I'm using KCL to analyse the circuit that has a voltage source between two non-reference nodes connected in parallel with resistor R3.

I'm regarding the voltage source and the resistor as a supernode. To solve the circuit I need the constraint equation that can be obtained by applying KVL to the supernode.

Why isn't the resistor R3 important in this case, when connected across a supernode?


simulate this circuit – Schematic created using CircuitLab

Best Answer

This is so because the voltage source is ideal, and therefore, deliver a constant voltage, regardless of current requested.

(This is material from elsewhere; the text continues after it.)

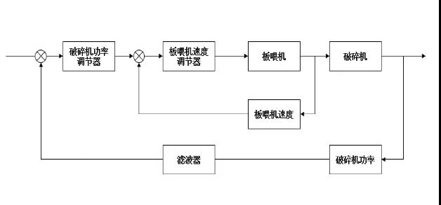 這是一個串級調節(jié)回路,主環(huán)為破碎機輸出功率調節(jié)環(huán);副環(huán)為板喂機的速度調節(jié)環(huán),實際上速度參數是作為喂料機給料率的間接參數使用的。
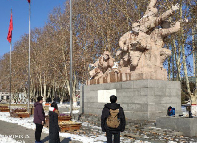 2月15日早,小组成员出发前往石家庄华北军区烈士陵园。华北军区烈士陵园位于河北省石家庄市,占地面积21万平方米,是1948年秋经朱德提议,为了纪念牺牲在华北大地上的革命烈士而修建的。烈士纪念馆1954年建成并对外开放,是我国兴建较早、规模较大、建筑规格较高的烈士陵园之一。园内安葬着历次革命战争时期牺牲在华北地区的318位革命烈士,安放着新中国成立后牺牲的革命烈士和病故的老红军的骨灰。华北军区烈士陵园为全国爱国主义教育示范基地、国家国防教育示范基地。小组抵达石家庄华北军区烈士陵园,先后参观陵园内早期工人运动领导人高克谦、回民支队司令员“民族英雄”马本斋、伟大的国际主义战士诺尔曼·白求恩等革命英雄雕像。

The effect of adding a resistor in parallel to the voltage source, is to ask more current, which does not affect the source voltage.

For example, consider this simple circuit:


simulate this circuit – Schematic created using CircuitLab

Does it depend on the current through \$R_4\$, the value of \$R_1\$? Of course not. Moreover, one can remove the resistor \$R_1\$ and the current circuit by \$R_4\$ be the same. \$R_1\$ does affect the amount of current that requests the V1 source, but as this source is ideal, the voltage applied to the set \$R_2\$, \$R_3\$ and \$R_4\$ is unchanged.

Another way to look at it is considering that the voltage source is an element that imposes the voltage between two nodes, regardless of other elements (passive element) are connected between the two nodes. That's why, for example, you can not connect two voltage sources in parallel, since a singularity is generated.